Now a new study commissioned by the World Health Organisation shows that there is no substantial increase in HIV risk among women using three of the most common contraceptive methods on the continent — injectables, implants and the intrauterine devices (IUD).

The results of the randomised clinical trial, known as the Evidence for Contraceptive Options and HIV Outcomes (Echo) was released Thursday in Durban, South Africa.


Conducted among 7,829 women in four African countries — Kenya, Zambia, South Africa and eSwatini — the trial involved sexually active, HIV negative women aged 16-35. It sought to evaluate whether there was any difference in the risk of HIV acquisition among women who used Depo-Provera (injectable) implants (Jadelle) and the IUD.

Participants were randomly assigned to use one of the three contraceptive methods.

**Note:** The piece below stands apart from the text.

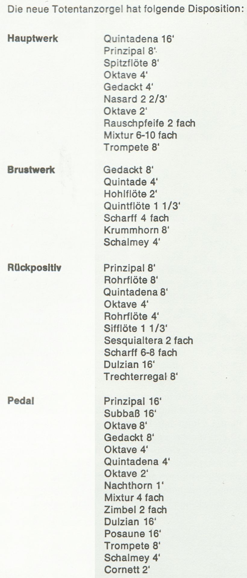 "[...] Die heute in der Marienkirche zu Lübeck stehende TOTENTANZ-ORGEL, auf der sämtliche Aufnahmen dieser Kassette gespielt wurden, ist die Rekonstruktion einer alten gotischen Orgel. Diese war im Jahre 1477 von Johannes Stephani vollendet worden. In einer Seitenkapelle der großen Kirche angebracht, erhielt sie bald ihren Namen nach dem „Totentanz“, der in den Pestjahren 1463 und 1464 dort aufgemalt worden war.

The study found no higher risk of infection in the use of one method over the other.


According to the results, of the 397 HIV infections that occurred during the study period, 143 were among those using injectables, 138 among those on the IUD while the group using the implant registered 116 infections.

Global HIV/Aids campaigners said the news was reassuring but that a lot still needs to be done to ensure women have access to services to reduce their risk of HIV acquisition while at the same time having access to effective contraceptive services.

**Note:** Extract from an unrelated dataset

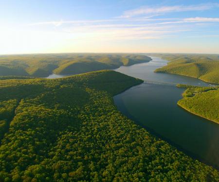 As your travel on Route 59, you will see the Kinzua Wolf Run Marina on your right, just before crossing the Allegheny Reservoir on the Morrison Bridge. Immediately past the bridge, stop for the view from Kinzua Point; here you have an amazing vista of the forest reflected onto the waters of the Allegheny Reservoir. Now drive back a few feet and turn left onto Longhouse Drive. The access road to Jakes Rocks is about a mile up Longhouse Drive; this impressive rock outcrop offers another developed overlook of the waters of the Allegheny Reservoir.

“These results contain both good and bad news,” said Mitchell Warren, the executive director of the Global Advocacy for HIV Prevention in a statement.

“On the one hand, a well-run randomised trial has demonstrated no difference in HIV risk among the three highly effective family planning methods, on the other hand the trial is a sobering reminder that women and girls in East and Southern Africa are still at a high risk of HIV infection,” he added.


Dr Placid Mihayo, from the Reproductive Health Division of Uganda’s Health Ministry said the focus should be on educating women on the continued benefits of contraceptive use, while at the same time promoting the use of HIV-prevention tools.

“We have a high fertility rate as a country — 60 per cent of the population is under the age of 30. So we still need to promote family planning as well as programmes that will reduce the risk of HIV acquisition,” he said.

Dr Olive Sentumbwe, the family health and population advisor at the WHO-Uganda office said the focus should be on telling women that consistent and correct use of both the male and female condom will go a long way in protecting them against HIV and other sexually transmitted infections.

According to Dr Rachel Baggaley from WHO’s HIV and Hepatitis department, the results of the study highlight the need to step up HIV prevention efforts in high burden countries, particularly for young women. The East and Southern Africa region continues to have the highest burden of HIV on the continent, according to UNAids.

The WHO Guideline Development Group meets next month to review recommendations concerning women’s eligibility for using different contraceptive methods if they are at high risk of HIV.